Yesterday my wife called me during those torrential rains. While we were talking she had a blowout and then the phone went dead. I immediately got into my car and drove to Burlington to find her. I talked to her a few times before I got there with the call dropping each time. Once there I began to change the tire in the middle of all this water falling from the sky. I got all the lug nuts off, but the tire with all its brake dust and rust wouldn’t come off the car. Before long a man pulled into the driveway of the house we were parked in front of and after speaking to us for a moment came back with a hammer, crawled up under the car in all that water, and helped get the tire off.
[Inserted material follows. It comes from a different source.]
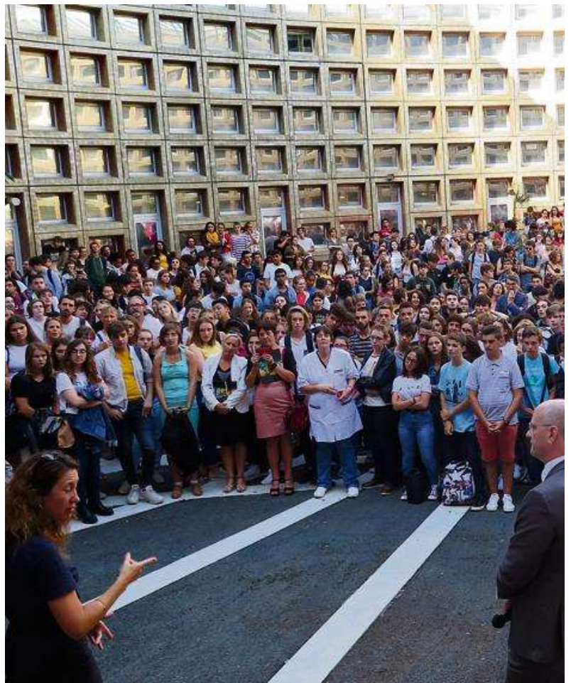
Jean-Michel Blanquer lors de sa visite au lycée de Jaunay-Marigny (Vienne), le 10 septembre.

En français, par exemple, le nombre d'œuvres à étudier dans leur intégralité augmente. Les élèves de 1 re auront quatre œuvres imposées à lire pour le baccalauréat – contre trois au choix du professeur auparavant –, avec une forte revalorisation de la dissertation, exercice choisi aujourd'hui par 10 % des candidats. En mathématiques, le programme suit des recommandations remises en février par le mathématicien et député de l'Essonne, Cédric Villani (La République en

During all of this at one point, we heard the sound of metal bouncing down the road. “What was that?” “I don’t know.” With the wheel back on, we got in the car and drove home.
An hour or so later, after my shower, I was laying in bed when I realized my wedding band was missing. The metal on the road… I realized then my wedding ring had slipped off in the storm and flown out into the darkness. Julie and I got back in the car and drove back to Burlington. She was very quiet on the way and I said: “Are you ok?” “I’m just praying to Saint Anthony.” When we got there, she opened her door, turned on the flashlight, bent down and got back in the car. The ring was right at her feet. We were at least fifty feet from where we changed the tire, on the other side of a storm drain! Right out in the open, undamaged, and exactly where we stopped the car.
I don’t believe in coincidences. All of this was the providence of God. I think that’s the kind of radical trust Jesus is calling us to in the Gospel today. That when we go out into the world, we can trust God to provide every need we have. Whether it be a kind stranger to help get the tire off the car, or putting the ring you lost right at your feet when you return to find it, he will make sure you have exactly what you need. The question is: do we trust him enough to set out in faith? Each day is an opportunity to say: Jesus, I trust in you. Radical trust. The kind of trust that says despite the storms of life that drench us as we try to work in this world, we will continue to change the tires that need to be changed.
What a wonderful story of help when you needed it and the intercession of St. Anthony!! Jesus I trust in you!